In the aftermath of episode two's dramatic events, Kieran (Luke Newberry) has fled his family home and Rick (David Walmsley) is being forced to choose between his human family and his 'rabid rotter' compatriots.
Kieran eventually finds himself back at the supermarket - briefly glimpsed in episode one's opening sequence - where he and Amy (Emily Bevans) stalked and killed Lisa Lancaster (Riann Steele). Back then, Jem (Harriet Cains) - despite all her bluster - was unable to kill her zombified brother when she had the chance.
It's a decent twist, explaining just why Jem's been so aggressive towards Kieran - not only did she watch her brother kill her friend, but she found herself unable to stop him and as a result resents herself as much as she resents him.
As Jem cracks, Harriet Cains does her best work - she and Luke Newberry work brilliantly together, and there's a real, genuine warmth to their interaction.
Afterwards, Kieran determines to make amends with Lisa's family, but has to make a very different confession than the one he'd planned. Lisa's parents are happy to accept that Kieran attacked their daughter, but only because they believe she will return as a PDS sufferer and can't accept the truth - that she's gone for good. It's the sort of bizarre, almost comical moral ambiguity that only a show like In The Flesh could explore.
Rick, meanwhile, is becoming increasingly wary of Bill (Steve Evets) and ultimately casts off his human disguise entirely to defy his father - a bold choice that costs him dearly. David Walmsley is a real talent - witness the fantastic scene in which he conceals the 'bad side' of his scarred face - and it's a shame that we didn't get more Rick this week. But more on that later.
I'd initially suspected - given Rick's impressive knife wielding - that he'd be forced to kill his father, but in the event, writer Mitchell opts for a crueller climax, with deranged Bill killing his son and dumping him on Kieran's doorstep, before retreating inside himself to erase all knowledge of the crime.
Steve Evets and Luke Newberry are fantastic in the confrontation that follows, and Ricky Tomlinson's Ken Burton later blowing Bill away as an act of retribution for his wife's murder is a wonderful moment - though I could have done without the clumsy metaphor of Bill literally having blood on his hands.

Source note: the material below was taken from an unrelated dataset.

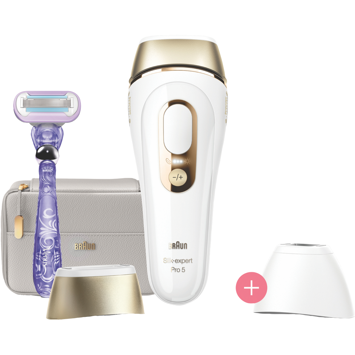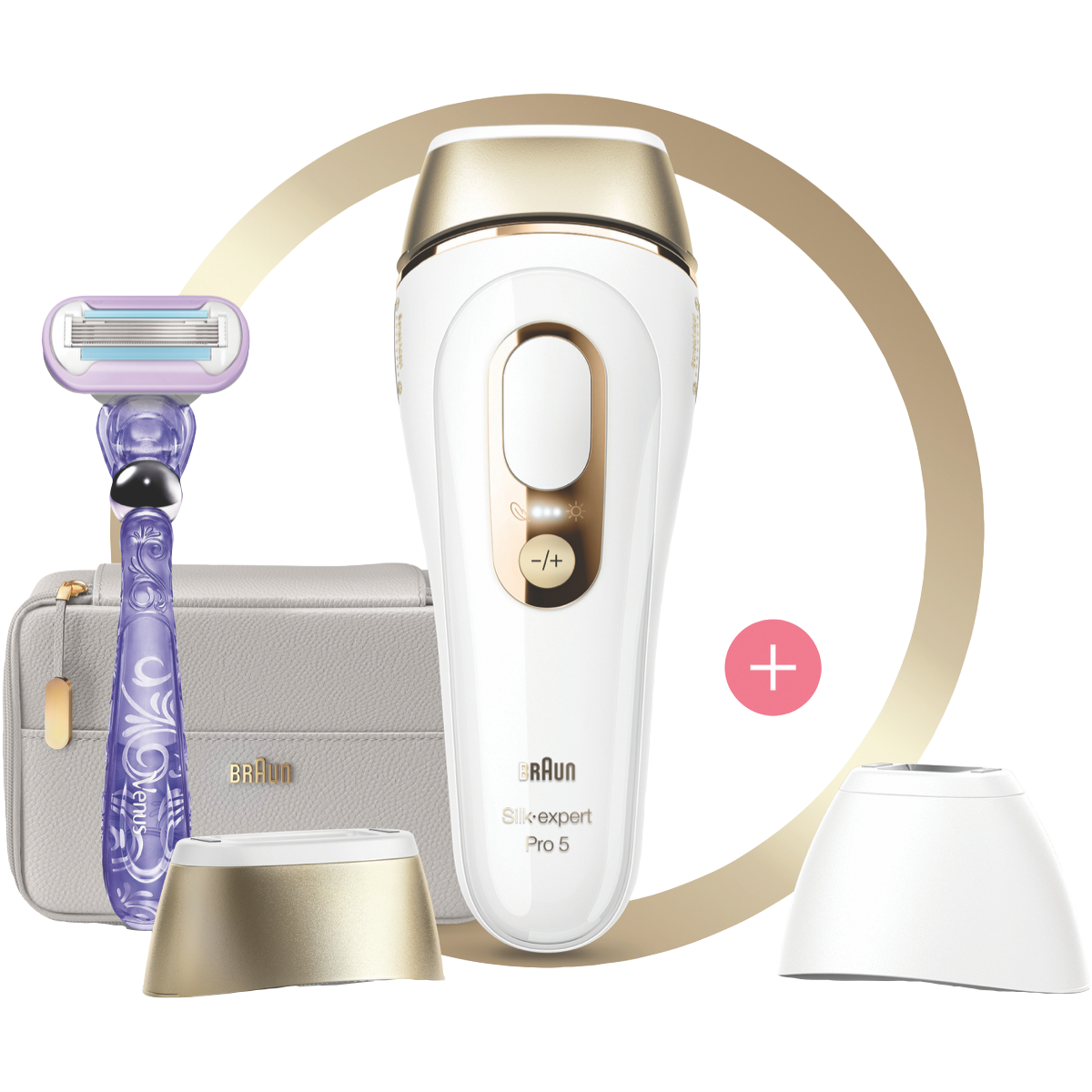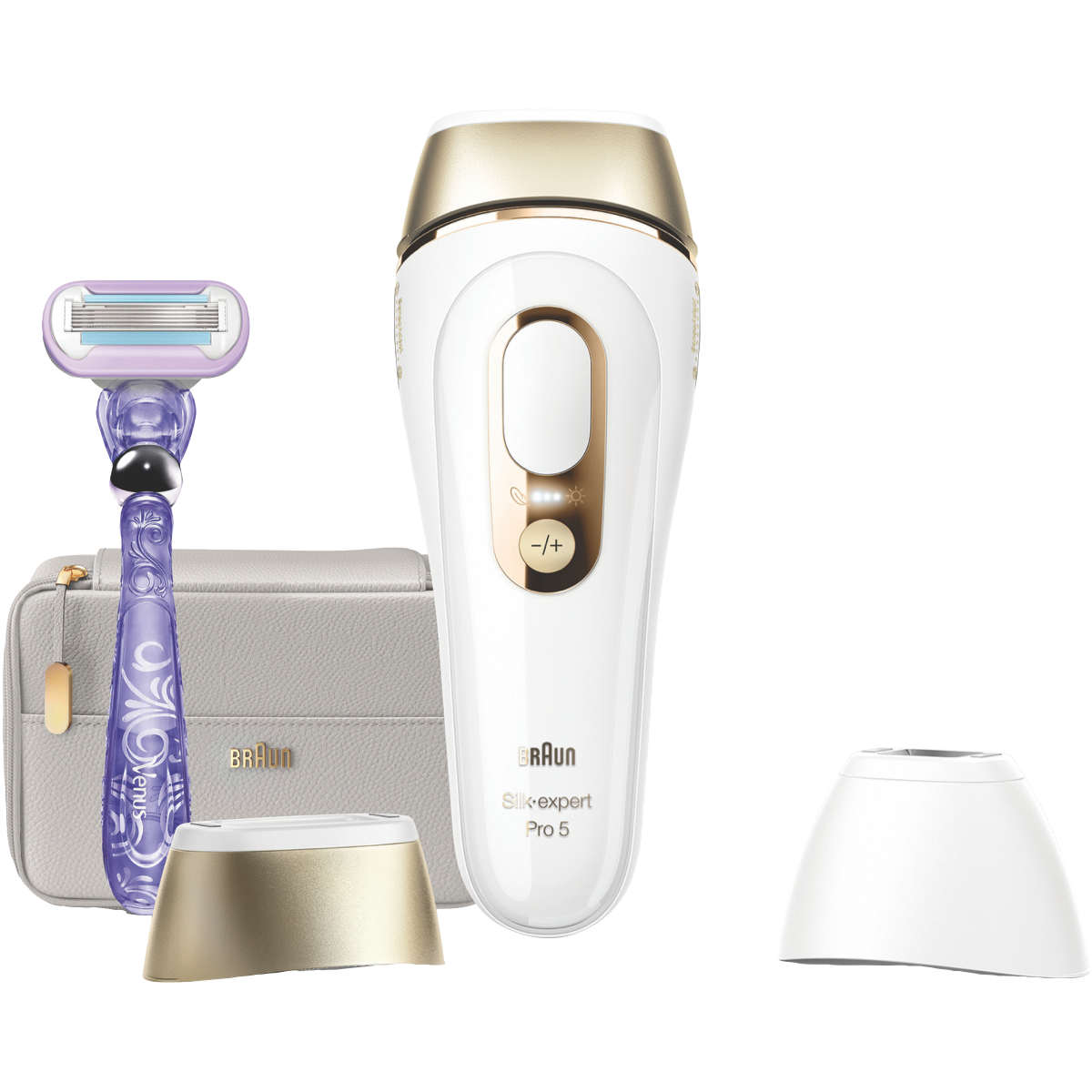 Get smooth hair-free skin in as little as four weeks with the Braun Silk Expert Pro IPL Machine. This advanced hair removal device uses Intense Pulsed Light technology to gently reduce hair regrowth over time suitable for skin tones 1-5. With a built-in SensoAdapt sensor it automatically adjusts light intensity for customized treatments. Treat legs in under 5 minutes and enjoy long-lasting results with 400000 flashes from the durable lamp. 10 energy levels let you tailor sessions from extra gentle to fast. The lightweight corded machine comes in a sleek white finish. Additional features include a Venus Swirl razor and storage pouch. Experience convenient at-home hair removal with this innovative IPL machine from Braun. Backed by a 2 year warranty. The manufacturer's part number for this product is IPL5157. Shop now for permanent hair reduction with advanced IPL technology.

The devastation of the Macy family brings this initial three-episode run of In The Flesh to a grim yet fitting end, but so, so much is left unresolved or only half-explored. The unlikely romance between Amy and Philip (Stephen Thompson) is a development that comes out of nowhere and subsequently goes nowhere - a consequence of the limited three-episode run.
The fact is that Dominic Mitchell just has too many ideas to cram into such a brief trilogy. Some characters get their due - Marie Critchley gets two sensational monologues this week as Luke's mother Sue Walker, but Amy - who leaves Roarton to find the Undead Prophet - only has a few short scenes, though her interaction with Kieran again feels heartfelt and genuine.
The short run sees so much talented go under-utilised - veterans Ricky Tomlinson and Kenneth Cranham are sidelined, while talented Skins star Alex Arnold is relegated to a cameo - and many story threads - Kieran and Jem's renewed relationship, the Undead Prophet - go unresolved.
Dominic Mitchell has spoken openly about having penned a series bible that plots out the mythology of future seasons; In The Flesh was a truly unique drama and undoubtedly a risk for BBC Three, but it's a risk that paid off. Now the Beeb needs to take another risk and cough up the cash for series two.